Tax Court of Canada Judgments

Decision Information

Decision Content

Citation: 2003TCC8

Date: 20030203

Docket: 2001-4266(IT)I

BETWEEN:

JACOB BENITAH,

Appellant,

and

HER MAJESTY THE QUEEN,

Respondent.

_______________________________________________________________

Appeals heard on January 24, 2003 at Toronto, Ontario

Before: The Honourable D.G.H. Bowman, Associate Chief Judge

Appearances:

For the Appellant:

The Appellant himself

Counsel for the Respondent:

Michael Appavoo, Esq.

Joel Oliphant, Esq.

_______________________________________________________________

JUDGMENT

          It is ordered that the appeals from reassessments made under the Income Tax Act for the 1994, 1995 and 1996 taxation years be allowed and the reassessments be vacated.

Signed at Vancouver, Canada, this 3rd day of February 2003.

"D.G.H. Bowman"

A.C.J.


Citation: 2003TCC8

Date: 20030203

Docket: 2001-4266(IT)I

BETWEEN:

JACOB BENITAH,

Appellant,

and

HER MAJESTY THE QUEEN,

Respondent.

REASONS FOR JUDGMENT

Bowman, A.C.J.

[1]      These appeals are from reassessments for the appellant's 1994, 1995 and 1996 taxation years. They involve the denial of tax credits in respect of charitable donations allegedly made to the Or Hamaarav Sephardic Congregation in the amounts of $2,200, $1,900 and $3,000.

[2]      The reassessments were made outside the three-year "normal reassessment period". Accordingly, to justify the reopening of these statute-barred years the respondent has the onus of establishing that the appellant made misrepresentations that were attributable to neglect, carelessness or wilful default.

[3]      Also, penalties were imposed under subsection 163(2) of the Income Tax Act and the Minister has the additional burden of establishing that the appellant made false statements or omissions in his returns "knowingly or under circumstances amounting to gross negligence".

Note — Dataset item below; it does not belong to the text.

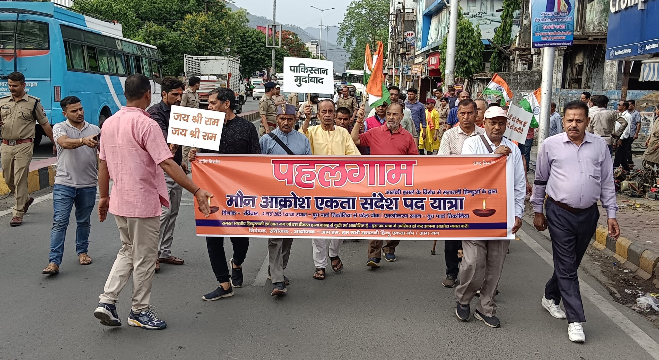 हल्द्वानी। पहलगाम आतंकी हमले के खिलाफ जनता में रोष थमने का नाम नहीं ले रहा है। रविवार को इसके खिलाफ हिंदू एकता मंच के तत्वाधान में मौन आक्रोश एकता संदेश पद यात्रा गई। बुद्ध पार्क से शुरू होकर यात्रा मुख्य मार्ग से होते हुए पटेल चौक स्थित बेलवाल पार्क में सामुहिक हनुमान चालिसा का पाठ किए जाने के बाद यात्रा का समापन हुआ। यात्रा में बुजुर्ग, महिलाओं, युवाओं और बच्चों सहित 200 से अधिक लोग शामिल रहे। इस दौरान प्रशासनिक अधिकारियों के साथ साथ भरी संख्या में पुलिस मौजूद रही। यात्रा के दौरान गिरीश चंद्र, जीवन विष्ट, दिनेश फूलारा, तन्मय पांडे, चंदन विष्ट, रविंद्र सिंह, सचिन शाह, मनोज तिवारी, कमला विष्ट, हरिप्रिया पांडे, उमेश मौर्य, कमला बिष्ट, हेमेंद्र रावत, गोविंद बिष्ट, जानकी कांडपाल, नवीन चंद्र पांडे, गणेश भट्ट सहित सैकड़ो लोग मौजूद रहे।

[4]      The appellant's appeals are one of many that the judges of this court have heard in recent months involving charitable receipts issued by the Or Hamaarav Sephardic Congregation founded by Rabbi Leon Edery.

[5]      Rabbi Edery came to Canada from Morocco in 1967. He founded a synagogue at 2939 Bathurst Street, North York, and a charter was granted in 1971 to the Or Hamaarav Sephardic Congregation.

[6]      The moving force behind this congregation was Rabbi Edery. He was particularly interested in newcomers to Canada and was concerned to ensure that Jewish children obtained a proper Jewish education.

[7]      He raised money for a Hebrew school and in 1983 he obtained a second charter, the Abarbanel S. Learning Centre, a day care centre for Jewish children.

[8]      In 1985 the building in which the day care centre was located was lost through foreclosure and it became difficult to raise money and so he embarked upon a scheme which, however laudable his objectives, was quite illegal. It involved giving receipts for charitable donations far in excess of the amount actually given. This was accomplished in one of two ways: either the full amount shown on the charitable receipt would be given and between 80% and 90% would be returned to the donor or the donor would give only 10% to 20% of the amount shown on the receipt.

[9]      In 1996 Rabbi Edery founded a further organization, Mincha Gedolah Synagogue. He was the only person authorized to issue charitable receipts on behalf of the three organizations mentioned above.

[10]     The fundraising that I described above was done generally through fundraisers, one of whom was one Meier Cohen (now deceased).

[11]     Rabbi Edery's practice of issuing inflated charitable receipts came to light when the CCRA (or Revenue Canada) began examining the returns of the clients of a tax preparer, one Jacob Abacassis. The unusually large charitable donations and business losses claimed by his clients caught the attention of the tax authorities. Both Mr. Abacassis and Rabbi Edery were charged criminally under section 239 of the Income Tax Act. Mr. Abacassis pleaded guilty. Rabbi Edery fought the charges but he was convicted by Judge Rebecca Chamail and sentenced to pay a fine of $32,000, a year of house arrest and 240 hours of community service. The charters of the charities were also revoked.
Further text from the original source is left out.